|Domain-Driven Design Using Naked Objects|
Author: Dan Haywood
Publisher: Pragmatic Bookshelf, 2010
Aimed at: Java developers
Pros: Clear and practical introduction
Cons: Focused on Naked Objects
Reviewed by: Alex Armstrong
This book will only appeal if you are interested in Domain Driven Design and plan to make use of the Naked Objects framework. For many the whole idea of Domain Driven Design is difficult to fathom. The reason is that it is more a collection of practices and terminology laid on top of standard object-oriented design - so a pre-requisite for reading this book is that you not only know Java you are familiar with using it in a fully object-oriented way.

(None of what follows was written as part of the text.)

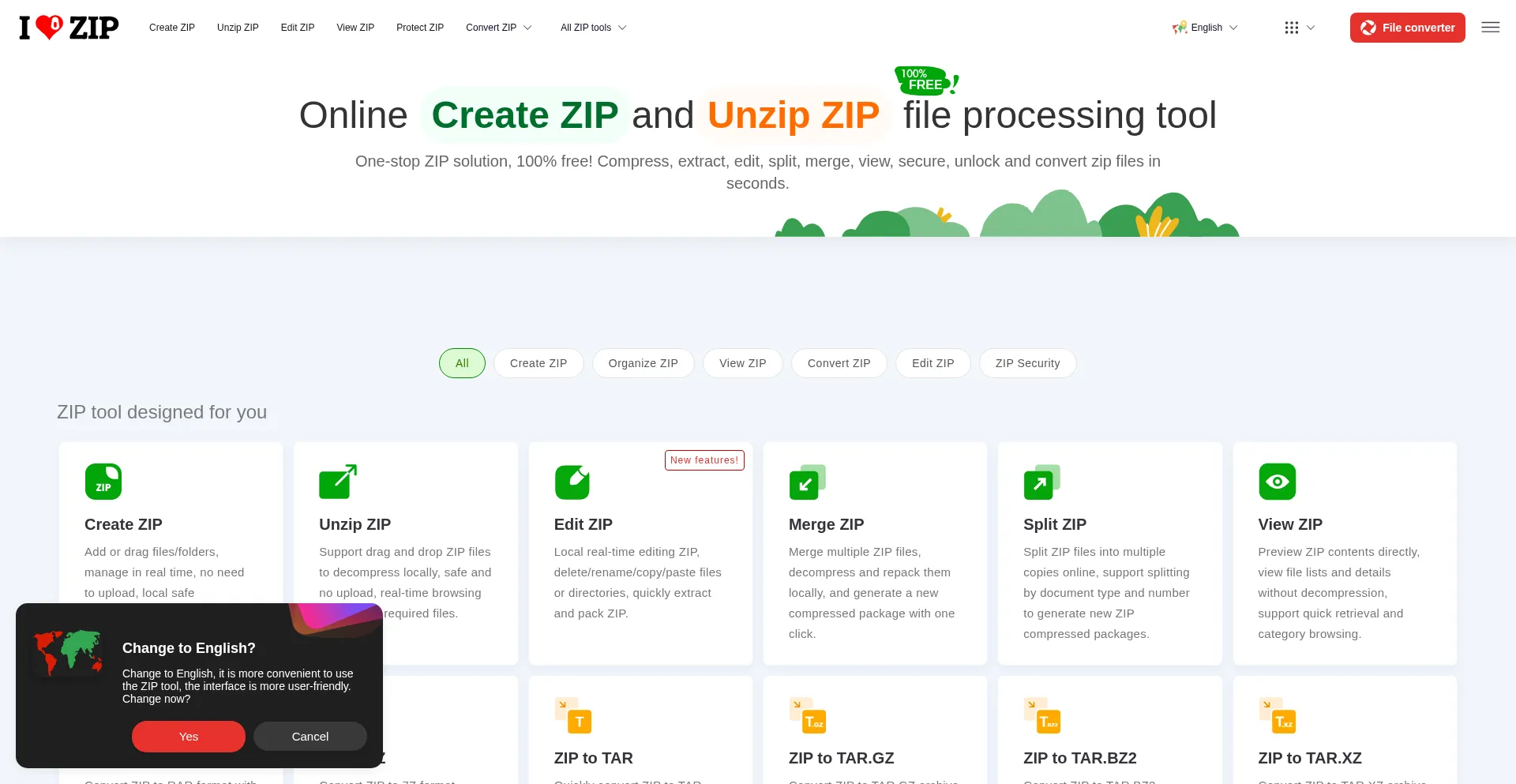 iLoveZIP is an online ZIP tool, Create ZIP, Unzip ZIP, Edit ZIP, Merge ZIP, Split ZIP, Preview ZIP, Protect ZIP, Unlock ZIP and more! Just a few clicks to complete.

The book is divided into three main parts. The first part deals with tools and Chapter 1 gives a lightening introduction to domain-driven design and Naked Objects. Chapter 2 is a slightly slower slightly deeper look at the whole idea of domain -driven design and next we have relating objects together. Chapter 4 deals with rapid prototyping .
Chapter 5 moves on to consider more complex application types. Chapter 6 deals wit implementing business rules. A basic example of a car servicing business is used to show how the basic ideas can be implemented. Surprisingly the book isn't overflowing with long code examples instead they are broken into short methods and snippets which makes the book easier to read. Chapter 7 covers the basics of value types in building objects. Chapter 8 expands the model to include infrastructure services
Part II is about techniques - a fairly general title that allows the author to cover just about anything. Topics covered include domain patterns, keeping the model maintainable and testing. Part III is similarly general and focuses on practices. Here you find a discussion of some of the realities of life like integrating with web frameworks and enterprise integration.
If you want to find out about Domain-Driven Design and you want to work in Java then you might as well take a Naked Objects approach. This book is a well written and practical introduction to both and as such recommended.